*ACTION ITEM*:
From the first line onward, reproduce the records exactly; the final line to include is the one holding "Nový silniční most".

[Opening RECORDS FOR PROCESSING section]

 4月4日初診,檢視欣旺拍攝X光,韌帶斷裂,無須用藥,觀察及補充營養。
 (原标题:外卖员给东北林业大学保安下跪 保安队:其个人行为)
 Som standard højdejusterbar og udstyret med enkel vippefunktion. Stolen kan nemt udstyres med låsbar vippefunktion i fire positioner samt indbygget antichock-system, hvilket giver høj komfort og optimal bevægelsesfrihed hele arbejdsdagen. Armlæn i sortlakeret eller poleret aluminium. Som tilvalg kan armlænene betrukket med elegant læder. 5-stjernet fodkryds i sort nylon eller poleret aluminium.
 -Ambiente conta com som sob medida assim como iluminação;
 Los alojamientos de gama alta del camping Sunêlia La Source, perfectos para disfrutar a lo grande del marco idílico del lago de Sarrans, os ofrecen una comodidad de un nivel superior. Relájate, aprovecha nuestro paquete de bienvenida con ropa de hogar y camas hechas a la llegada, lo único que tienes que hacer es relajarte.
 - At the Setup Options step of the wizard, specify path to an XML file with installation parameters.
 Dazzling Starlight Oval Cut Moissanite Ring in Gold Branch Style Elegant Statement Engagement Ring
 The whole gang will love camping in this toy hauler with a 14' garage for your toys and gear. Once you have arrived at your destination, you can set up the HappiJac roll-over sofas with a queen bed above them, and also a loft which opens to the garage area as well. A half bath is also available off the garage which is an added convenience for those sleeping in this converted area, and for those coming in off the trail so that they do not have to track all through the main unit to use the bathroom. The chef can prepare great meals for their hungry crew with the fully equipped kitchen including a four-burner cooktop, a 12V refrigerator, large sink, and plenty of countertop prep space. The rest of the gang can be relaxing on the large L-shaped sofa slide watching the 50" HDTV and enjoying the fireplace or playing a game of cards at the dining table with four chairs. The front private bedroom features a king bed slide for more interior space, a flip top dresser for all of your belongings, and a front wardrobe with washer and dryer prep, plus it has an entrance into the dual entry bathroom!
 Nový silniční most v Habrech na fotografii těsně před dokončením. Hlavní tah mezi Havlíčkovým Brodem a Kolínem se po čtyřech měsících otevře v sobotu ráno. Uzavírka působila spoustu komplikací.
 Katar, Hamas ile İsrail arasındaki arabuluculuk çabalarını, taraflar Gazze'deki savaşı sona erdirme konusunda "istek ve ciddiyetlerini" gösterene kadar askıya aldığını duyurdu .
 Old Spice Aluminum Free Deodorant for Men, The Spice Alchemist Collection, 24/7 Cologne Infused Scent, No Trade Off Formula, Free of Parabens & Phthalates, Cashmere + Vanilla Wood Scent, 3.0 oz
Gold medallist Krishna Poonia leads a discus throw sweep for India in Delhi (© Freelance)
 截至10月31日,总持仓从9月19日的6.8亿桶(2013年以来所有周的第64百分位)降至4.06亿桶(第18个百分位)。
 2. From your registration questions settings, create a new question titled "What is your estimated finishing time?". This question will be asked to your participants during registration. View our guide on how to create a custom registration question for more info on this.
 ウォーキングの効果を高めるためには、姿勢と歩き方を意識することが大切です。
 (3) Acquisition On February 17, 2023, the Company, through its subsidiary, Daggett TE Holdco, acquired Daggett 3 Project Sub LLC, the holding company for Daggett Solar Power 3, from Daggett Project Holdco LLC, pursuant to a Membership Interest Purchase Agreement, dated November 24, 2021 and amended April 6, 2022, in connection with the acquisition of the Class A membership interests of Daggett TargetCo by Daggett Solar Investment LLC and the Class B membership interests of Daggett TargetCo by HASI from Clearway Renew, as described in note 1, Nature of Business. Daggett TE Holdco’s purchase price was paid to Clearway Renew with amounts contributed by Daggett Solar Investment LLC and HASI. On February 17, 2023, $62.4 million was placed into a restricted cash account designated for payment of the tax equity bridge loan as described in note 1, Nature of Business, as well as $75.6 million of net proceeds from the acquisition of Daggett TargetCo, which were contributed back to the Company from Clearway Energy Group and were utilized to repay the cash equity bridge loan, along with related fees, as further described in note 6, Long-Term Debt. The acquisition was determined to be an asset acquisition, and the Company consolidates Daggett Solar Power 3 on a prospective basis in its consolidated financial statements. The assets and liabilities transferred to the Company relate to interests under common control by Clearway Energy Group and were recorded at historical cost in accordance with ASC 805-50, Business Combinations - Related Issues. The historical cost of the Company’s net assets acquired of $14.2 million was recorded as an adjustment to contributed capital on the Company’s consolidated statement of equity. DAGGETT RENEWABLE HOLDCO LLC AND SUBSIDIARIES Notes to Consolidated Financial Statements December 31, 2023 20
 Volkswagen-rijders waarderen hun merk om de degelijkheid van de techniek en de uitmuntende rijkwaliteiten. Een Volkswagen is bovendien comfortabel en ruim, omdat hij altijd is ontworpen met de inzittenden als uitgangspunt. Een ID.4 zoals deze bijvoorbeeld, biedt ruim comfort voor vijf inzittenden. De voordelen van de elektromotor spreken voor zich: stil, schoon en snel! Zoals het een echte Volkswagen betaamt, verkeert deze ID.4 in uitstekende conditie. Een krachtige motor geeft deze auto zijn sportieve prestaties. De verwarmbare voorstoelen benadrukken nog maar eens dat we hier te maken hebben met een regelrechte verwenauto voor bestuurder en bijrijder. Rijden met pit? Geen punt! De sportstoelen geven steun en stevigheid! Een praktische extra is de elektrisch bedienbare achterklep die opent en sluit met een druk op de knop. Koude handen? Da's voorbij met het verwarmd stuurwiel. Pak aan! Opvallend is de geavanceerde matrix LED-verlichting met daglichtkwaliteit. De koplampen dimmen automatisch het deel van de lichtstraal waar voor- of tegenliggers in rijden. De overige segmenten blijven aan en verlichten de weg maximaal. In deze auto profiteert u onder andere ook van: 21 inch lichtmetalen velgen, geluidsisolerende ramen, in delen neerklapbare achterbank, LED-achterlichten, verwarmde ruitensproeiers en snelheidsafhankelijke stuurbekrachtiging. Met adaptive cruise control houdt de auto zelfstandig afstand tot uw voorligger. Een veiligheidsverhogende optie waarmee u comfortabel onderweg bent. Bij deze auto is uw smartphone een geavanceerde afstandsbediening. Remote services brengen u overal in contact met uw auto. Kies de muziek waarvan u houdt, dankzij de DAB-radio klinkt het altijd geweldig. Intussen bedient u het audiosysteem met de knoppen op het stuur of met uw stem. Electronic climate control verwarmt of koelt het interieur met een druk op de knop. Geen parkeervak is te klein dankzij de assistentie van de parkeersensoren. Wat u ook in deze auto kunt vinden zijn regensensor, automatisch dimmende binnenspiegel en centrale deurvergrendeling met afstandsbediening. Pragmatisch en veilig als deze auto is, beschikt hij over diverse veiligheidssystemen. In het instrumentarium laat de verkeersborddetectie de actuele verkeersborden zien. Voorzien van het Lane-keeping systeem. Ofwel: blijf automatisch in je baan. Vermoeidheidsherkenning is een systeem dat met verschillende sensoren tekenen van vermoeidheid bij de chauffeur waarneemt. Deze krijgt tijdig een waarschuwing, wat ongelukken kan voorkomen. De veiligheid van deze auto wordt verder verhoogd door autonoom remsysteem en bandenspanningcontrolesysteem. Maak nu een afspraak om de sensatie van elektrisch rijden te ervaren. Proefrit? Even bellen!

[Closing RECORDS FOR PROCESSING section]

*RESPONSE FOR THIS EXERCISE*:
 4月4日初診,檢視欣旺拍攝X光,韌帶斷裂,無須用藥,觀察及補充營養。
 (原标题:外卖员给东北林业大学保安下跪 保安队:其个人行为)
 Som standard højdejusterbar og udstyret med enkel vippefunktion. Stolen kan nemt udstyres med låsbar vippefunktion i fire positioner samt indbygget antichock-system, hvilket giver høj komfort og optimal bevægelsesfrihed hele arbejdsdagen. Armlæn i sortlakeret eller poleret aluminium. Som tilvalg kan armlænene betrukket med elegant læder. 5-stjernet fodkryds i sort nylon eller poleret aluminium.
 -Ambiente conta com som sob medida assim como iluminação;
 Los alojamientos de gama alta del camping Sunêlia La Source, perfectos para disfrutar a lo grande del marco idílico del lago de Sarrans, os ofrecen una comodidad de un nivel superior. Relájate, aprovecha nuestro paquete de bienvenida con ropa de hogar y camas hechas a la llegada, lo único que tienes que hacer es relajarte.
 - At the Setup Options step of the wizard, specify path to an XML file with installation parameters.
 Dazzling Starlight Oval Cut Moissanite Ring in Gold Branch Style Elegant Statement Engagement Ring
 The whole gang will love camping in this toy hauler with a 14' garage for your toys and gear. Once you have arrived at your destination, you can set up the HappiJac roll-over sofas with a queen bed above them, and also a loft which opens to the garage area as well. A half bath is also available off the garage which is an added convenience for those sleeping in this converted area, and for those coming in off the trail so that they do not have to track all through the main unit to use the bathroom. The chef can prepare great meals for their hungry crew with the fully equipped kitchen including a four-burner cooktop, a 12V refrigerator, large sink, and plenty of countertop prep space. The rest of the gang can be relaxing on the large L-shaped sofa slide watching the 50" HDTV and enjoying the fireplace or playing a game of cards at the dining table with four chairs. The front private bedroom features a king bed slide for more interior space, a flip top dresser for all of your belongings, and a front wardrobe with washer and dryer prep, plus it has an entrance into the dual entry bathroom!
 Nový silniční most v Habrech na fotografii těsně před dokončením. Hlavní tah mezi Havlíčkovým Brodem a Kolínem se po čtyřech měsících otevře v sobotu ráno. Uzavírka působila spoustu komplikací.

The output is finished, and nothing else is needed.